Ayse Erkmen, Kein gutes Zeichen, Hauptraum

Indem Erkmen in ihrer Installation die Aktion auf die Glasdecke und gleichzeitige Raumgrenze verlagert, konstruiert sie eine Situation, in der Elemente des Avantgardefilms und des White Cubes an einer ideellen und architektonischen Bruchstelle aufeinander treffen: der Mythos von einem neutralen Raum, die künstlerische Praxis, sich der Logistik und Bildsprache der kommerziellen (Film)Industrie zu verweigern, sowie die ökonomischen, gesellschaftlichen und politischen Implikationen von Repräsentationen über die Abstraktion in die ästhetische Erfahrung einzuführen. Parallel verlagert Erkmen das Motorengeräusch der fahrenden Plattformen in den Raum selbst und führt somit neben einer visuellen eine akustische Ebene ein.

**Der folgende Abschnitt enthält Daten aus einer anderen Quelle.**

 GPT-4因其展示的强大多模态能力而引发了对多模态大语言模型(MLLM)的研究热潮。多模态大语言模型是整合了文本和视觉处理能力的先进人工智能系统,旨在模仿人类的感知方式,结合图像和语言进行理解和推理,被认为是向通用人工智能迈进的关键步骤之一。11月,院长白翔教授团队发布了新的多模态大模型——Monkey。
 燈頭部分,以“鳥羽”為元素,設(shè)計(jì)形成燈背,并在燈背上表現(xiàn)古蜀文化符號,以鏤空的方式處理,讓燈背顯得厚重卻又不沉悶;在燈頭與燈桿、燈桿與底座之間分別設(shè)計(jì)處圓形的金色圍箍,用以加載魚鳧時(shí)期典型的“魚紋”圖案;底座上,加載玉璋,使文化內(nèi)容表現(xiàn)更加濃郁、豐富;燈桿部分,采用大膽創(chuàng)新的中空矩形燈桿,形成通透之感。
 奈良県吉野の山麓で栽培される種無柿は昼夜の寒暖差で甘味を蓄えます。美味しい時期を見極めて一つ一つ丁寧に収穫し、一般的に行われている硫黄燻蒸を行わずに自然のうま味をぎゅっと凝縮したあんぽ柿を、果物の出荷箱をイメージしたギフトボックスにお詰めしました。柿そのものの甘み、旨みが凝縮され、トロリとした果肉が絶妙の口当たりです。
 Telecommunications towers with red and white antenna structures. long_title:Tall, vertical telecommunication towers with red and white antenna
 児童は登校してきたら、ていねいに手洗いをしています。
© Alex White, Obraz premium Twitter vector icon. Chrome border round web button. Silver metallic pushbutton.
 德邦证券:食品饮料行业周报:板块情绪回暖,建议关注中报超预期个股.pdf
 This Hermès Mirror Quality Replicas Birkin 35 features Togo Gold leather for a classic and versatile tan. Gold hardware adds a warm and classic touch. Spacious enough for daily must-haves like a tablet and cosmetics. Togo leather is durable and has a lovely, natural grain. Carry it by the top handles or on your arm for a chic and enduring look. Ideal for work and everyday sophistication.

Dieser Szenerie ist eine Diaserie im Foyer der Secession vorangestellt, die die Kreisform erneut aufgreift.



Ayse Erkmen, Kein gutes Zeichen, Foyer

Der Kreis, im Hauptraum offen und abstrakt, zeigt hier die Oberfläche von Kaffee, projiziert auf die Rosette oberhalb des Eingangs, einem zentralen Teil der vom Jugendstil geprägten Architektur. Die Aufnahmen, welche den Rand der Kaffeetasse aussparen, variieren in der Anordnung und Dichte der durch das Aufkochen entstandenen Schaumbläschen, die in der sukzessiven Abfolge der Projektion immer neue Formationen einnehmen.



Ayse Erkmen, Kein gutes Zeichen, Hauptraum

Das Sujet des "Kaffees" im Eingangsbereich und die Installationen im Hauptraum bleiben in ihren gesellschaftlichen und historischen Implikationen mehrdeutig lesbar. Und sie provozieren in ihrer Kombination zueinander, in Relation zum Titel des Projektes, zu den sie umgebenden Innen- und Außenräumen oder auch in Bezug auf die Frage eines Transfers kultureller Erzählungen in einen Ausstellungskontext. Zugleich betont Erkmen in ihrer Arbeit die Zeitweiligkeit: das Ephemere einer Interpretation aber auch einer künstlerischen Praxis der ortsbezogenen Installation.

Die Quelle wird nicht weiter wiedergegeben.